The Chilean private health system (ISAPRES) also includes EMPAM, which designates the providers that beneficiaries must visit. If individuals choose to have the exam from providers other than those specified by their insurance, they forfeit the free benefit. They receive a comprehensive evaluation there, but must pay for any tests they request [22]. This organizational detail has practical implications: adherence to routine checks may be lower, and out-of-pocket expenses can inhibit follow-through with recommended investigations or rehabilitative treatments, including dental prostheses. Regarding oral health, according to the National Health Survey (ENS) 2016–2017 in Chile, partial edentulism has a prevalence of 79.8% among people aged 65 to 74, and total edentulism has a prevalence of 17.6%. For those aged 75 and older, these prevalences shift to 57.8% for partial and 41.2% for total edentulism. The use of upper and lower dentures at age 75 has a prevalence of 40.7% [23]. These figures underscore the substantial demand for prosthetic rehabilitation and the importance of ensuring adequate fit, comfort, and function, as suboptimal prostheses may impair chewing, nutrition, and social participation.
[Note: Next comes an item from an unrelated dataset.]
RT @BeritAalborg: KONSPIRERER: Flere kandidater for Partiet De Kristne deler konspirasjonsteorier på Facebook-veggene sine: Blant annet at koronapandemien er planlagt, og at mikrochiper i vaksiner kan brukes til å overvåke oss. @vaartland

At the national level, there is a ministerial program called Explicit Health Guarantees (GES), specifically GES 60. It is the only dental program for older adults, providing comprehensive dental care for individuals up to 60 years, 11 months, and 29 days old. It does not include monitoring or follow-up of the oral health conditions of the beneficiaries after the interventions [24]. This cut-off and the absence of post-treatment surveillance leave a gap precisely at the stage of life when edentulism and functional vulnerability intensify.
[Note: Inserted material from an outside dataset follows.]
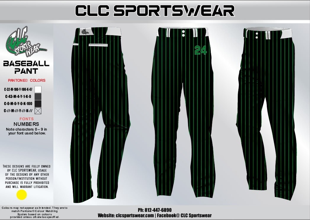 Black baseball pants with vertical green pinstripes and white belt detail.

Maintaining natural dentition or using removable dental prostheses (RDPs) is essential for preserving masticatory function, ensuring proper nutrition, and preventing geriatric syndromes in the elderly population (EP) [25]. In this context, RDPs are not merely aesthetic devices: they restore occlusal contacts, support soft tissues, and can improve phonation and social confidence. Building on these considerations, this study aimed to compare changes in HGS adjusted for masticatory function, risk of malnutrition, and body mass index (BMI) after denture use in two groups of elderly patients aged 70 and older from the public and private sectors in Chile. We hypothesized that immediate oral functionalization with RDPs would be associated with immediate improvements in HGS, and that differences between health systems might reflect varying baseline characteristics and patterns of care.

2. Methods

2.1. Participants

A prospective, pre–post study was conducted. Between March 2020 and 2023, patients aged 70 years and older who had no molars or premolars and provided informed consent were included. Exclusion criteria included refusal to participate, cognitive or sensory impairments, and functional dependence that prevented reliable evaluation. They were categorized based on masticatory function according to the Eichner index [26] and assessed for malnutrition risk or absence using calf circumference (CC) and BMI.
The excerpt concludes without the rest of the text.